Monday, August 31, 2020

An Afternoon for Tea by Penny Harter

This is an afternoon for tea—
rich red of strawberry hibiscus
deepening in a brown ceramic cup.

I delight in dunking my teabag
up and down, lowering my face
into the rising steam’s sweet scent.

On today’s escape from shelter I ride
through a graveyard, some stones so
old their dates are half-eroded.

A light rain begins to fall, darkening
the pebbled road, nurturing the newly
springing grass between the plots.

Years ago at my mother’s memorial
gathering, my toddler granddaughter
perched on someone’s marker, singing.

I hadn’t thought of that for years, but
some roads take us back, even when
they wind through greening trees.

Home again, an afternoon for tea, hands
clasped around the cup’s kind warmth—
blessed comfort sheltered from the rain.



Penny Harter writes from the South Jersey shore area. Her recent books include A Prayer the Body Makes (2020); The Resonance Around Us (2013), and Recycling Starlight (2010). A featured reader at the 2010 Dodge Poetry Festival, she has won fellowships from the NJSCA; the Mary Carolyn Davies Award from the PSA; and residencies from VCCA. Please visit
pennyharterpoet.com.

Sunday, August 30, 2020

Baby Rabbits by Terri Kirby Erickson

Baby rabbits, you have wrung
my heart like a wet dishrag, set
my pulse racing whenever you,
your soft bodies quivering, stray
too far from the burrow. I watch
you from my kitchen window,
knowing I cannot help or save
you from the dangers lurking
all around you—the neighbor’s
cat, a hungry hawk, the heavy
paw of a large dog sniffing the
ground. So small and helpless,
the four of you, like infants left
by the side of the road, I can’t
imagine how you will survive,
though I make myself believe
you will. Have mercy, I say out
loud, my hand on the hard glass.



Terri Kirby Erickson is the author of six collections of poetry. Her work has appeared in “American Life in Poetry,” The Sun, The Writer’s Almanac, Valparaiso Poetry Review, Verse Daily, and many others. Her awards include the Joy Harjo Poetry Prize and a Nautilus Silver Book Award.

Saturday, August 29, 2020

Canada Geese by Terri Kirby Erickson

Early this morning, before anyone was about,
four Canada geese were grooming themselves

in the road. They pulled their feathers, one by
one, ridding them of dirt and drops of the rain

that had fallen during the night. And as they
shook and ruffled and preened, down drifted

from beaks and bodies into the moist air, and
stuck to the street like giant flakes of freshly

fallen snow. Then they turned in unison and
walked away, feet slapping the wet pavement,

heads held high like four old friends leaving
an upscale salon, certain they all looked good.
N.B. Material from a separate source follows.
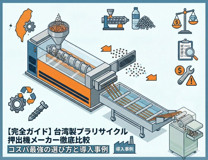 本記事では、台湾押出機メーカーの特徴、リサイクル用途での適性、主要メーカー比較、導入事例、ROIまでを網羅的に解説します。

Terri Kirby Erickson is the author of six collections of poetry. Her work has appeared in “American Life in Poetry,” The Sun, The Writer’s Almanac, Valparaiso Poetry Review, Verse Daily, and many others. Her awards include the Joy Harjo Poetry Prize and a Nautilus Silver Book Award.

Friday, August 28, 2020

Breakfast with My Parents by Terri Kirby Erickson

I loved my parents’ pillow-creased faces,
their soft robes—how their house smelled
of fresh-perked coffee, orange juice, and
toast with jam. We would sit together at
the dining room table, my mother slicing
and sugaring my father’s grapefruit since
he could barely see it—my father holding
a newspaper his failing eyesight no longer
let him read. Still, he liked the feel of it in
his hands, the sound of the paper rustling.
He would eat the glistening pieces of fruit,
talking between bites, his voice deep and
more gravelly in the mornings. My mother,
meanwhile, would move on to making the
eggs, whipping the whites and yolks with
a dinner fork while adding a dash of cold
milk, her golden hair gleaming with light
from the kitchen window. And Dad, while
he waited, would often turn on the radio,
its cheerful voice saying what he already
knew. It was going to be a perfect day.



Terri Kirby Erickson is the author of six collections of poetry. Her work has appeared in “American Life in Poetry,” The Sun, The Writer’s Almanac, Valparaiso Poetry Review, Verse Daily, and many others. Her awards include the Joy Harjo Poetry Prize and a Nautilus Silver Book Award.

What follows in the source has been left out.